The second millennium, however, also saw the beginning of a slow erosion of the pre-eminent position held by plants as sources of therapeutic effects. This began with the Black Death, which the then dominant Four Element medical system proved powerless to stop. A century later, Paracelsus introduced the use of active chemical drugs (like arsenic, copper sulfate, iron, mercury, and sulfur).
In the Americas, herbals were relied upon for most medical knowledge with physicians being few and far between. These books included almanacs, Dodoens' New Herbal, Edinburgh New Dispensatory, Buchan's Domestic Medicine, and other works. Aside from European knowledge on American plants, Native Americans shared some of their knowledge with colonists, but most of these records were not written and compiled until the 19th century. John Bartram was a botanist that studied the remedies that Native Americans would share and often included bits of knowledge of these plants in printed almanacs.
The formalization of pharmacology in the 19th century led to greater understanding of the specific actions drugs have on the body. At that time, Samuel Thompson was an uneducated but well respected herbalist who influenced professional opinions so much that Doctors and Herbalists would refer to themselves as Thompsonians. They distinguished themselves from "regular" doctors of the time who used calomel and bloodletting, and led to a brief renewal of the empirical method in herbal medicine.

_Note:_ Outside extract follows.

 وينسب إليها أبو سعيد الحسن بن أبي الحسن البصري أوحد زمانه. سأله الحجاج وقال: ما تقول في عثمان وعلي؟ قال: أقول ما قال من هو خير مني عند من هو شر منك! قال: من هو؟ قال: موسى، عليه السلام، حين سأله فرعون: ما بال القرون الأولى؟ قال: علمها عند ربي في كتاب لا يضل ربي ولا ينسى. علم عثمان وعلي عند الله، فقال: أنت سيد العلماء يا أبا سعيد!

Traditional herbalism has been regarded as a method of alternative medicine in the United States since the Flexner Report of 1910 led to the closing of the eclectic medical schools where botanical medicine was exclusively practiced. In China, Mao Zedong reintroduced Traditional Chinese Medicine, which relied heavily on herbalism, into the health care system in 1949. Since then, schools have been training thousands of practitioners - including Americans - in the basics of Chinese medicines to be used in hospitals. While Britain in the 1930s was experiencing turbulence over the practice of herbalism, in the United States, government regulation began to prohibit the practice.
"The World Health Organization estimated that 80% of people worldwide rely on herbal medicines for some part of their primary health care. In Germany, about 600 to 700 plant based medicines are available and are prescribed by some 70% of German physicians."

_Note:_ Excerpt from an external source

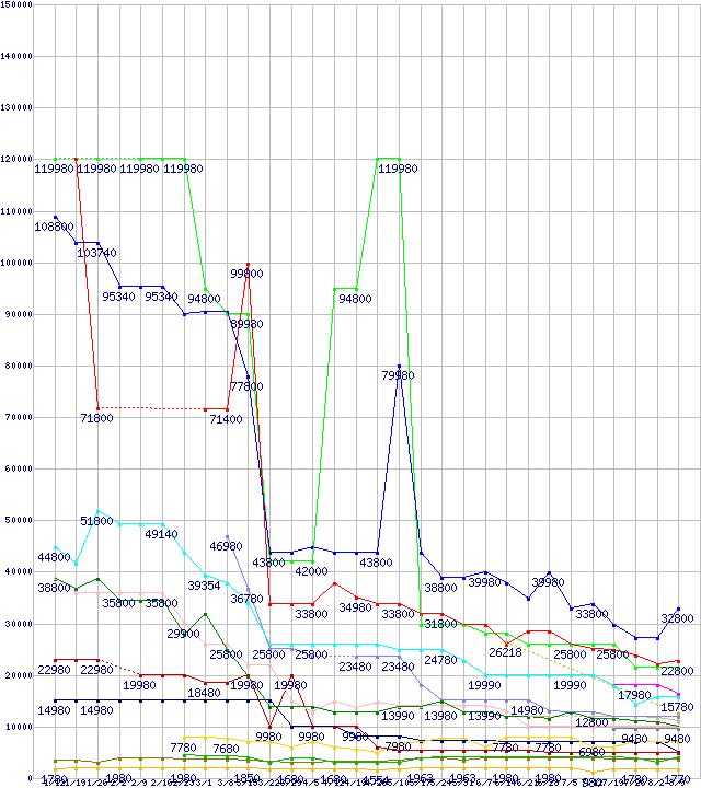 メモリ主要製品の最安値推移

The practice of prescribing treatments and cures to patients requires a legal medical license in the United States of America, and the licensing of these professions occurs on a state level. "There is currently no licensing or certification for herbalists in any state that precludes the rights of anyone to use, dispense, or recommend herbs."
"Traditional medicine is a complex network of interaction of both ideas and practices, the study of which requires a multidisciplinary approach." Many alternative physicians in the 21st century incorporate herbalism in traditional medicine due to the diverse abilities plants have and their low number of side effects.